“[T]he age of a child subjected to police questioning is relevant to the custody analysis of Miranda v. Arizona, 384 U. S. 436 (1966).”
Criminal
Gaby v. State, No. 79A02-1006-CR-804, __ N.E.2d __ (Ind. Ct. App., June 7, 2011)
After alleged victim testified she remembered that defendant’s vaginal molestation did not include touching her in other ways, it was error to allow her pretrial statement to the contrary into evidence to “refresh” her recollection.
Johnson v. State, No. 53S01-1106-CR-335, __ N.E.2d __ (Ind., June 8, 2011)
A judge who receives complaints from a defendant that a public defender, known to have been dilatory in other situations, is neglecting the case “must at the very least receive assurances from the public defender’s office that the complaint has been adequately addressed.”
Arthur v. State, No. 28A01-1008-CR-489, __ N.E.2d __ (Ind. Ct. App., June 8, 2011)

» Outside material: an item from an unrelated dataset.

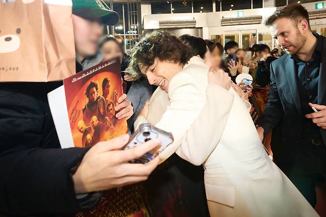 이날 레드카펫은 티모시 샬라메를 비롯해 젠데이아 콜먼, 오스틴 버틀러, 스켈란 스카스가스와 연출자인 드니 빌뇌브 감독이 참여했다. '듄' 시리즈의 창조자인 이들을 직접 만나려는 팬들은 행사 전날인 21일 오후부터 행사장에 모여들었고, '24시간 밤샘'까지 불사했다. 그 뜨거운 열기를 현장에서 확인한 티모시 샬라메는 팬들과 포옹까지 하면서 감사한 마음을 표했다.

2010 community corrections home detention credit time amendment is not limited only to persons subject to an IC 35-38-2.6-1 “direct commitment” to community corrections, as “it would indeed be illogical to interpret the statute so as to allow the offender to earn credit time when placed on a home detention community corrections program only if it is a direct placement of an offender who has committed an offense for which no portion of the sentence may be suspended.”
Sloan v. State, No. 18S04-1009-CR-502, __ N.E.2d __ (Ind., June 1, 2011)
“[O]nce concealment has been established, statutes of limitations for criminal offenses are tolled under Indiana Code section 35-41-4-2(h) (2008) until a prosecuting authority becomes aware or should have become aware of sufficient evidence to charge the defendant.”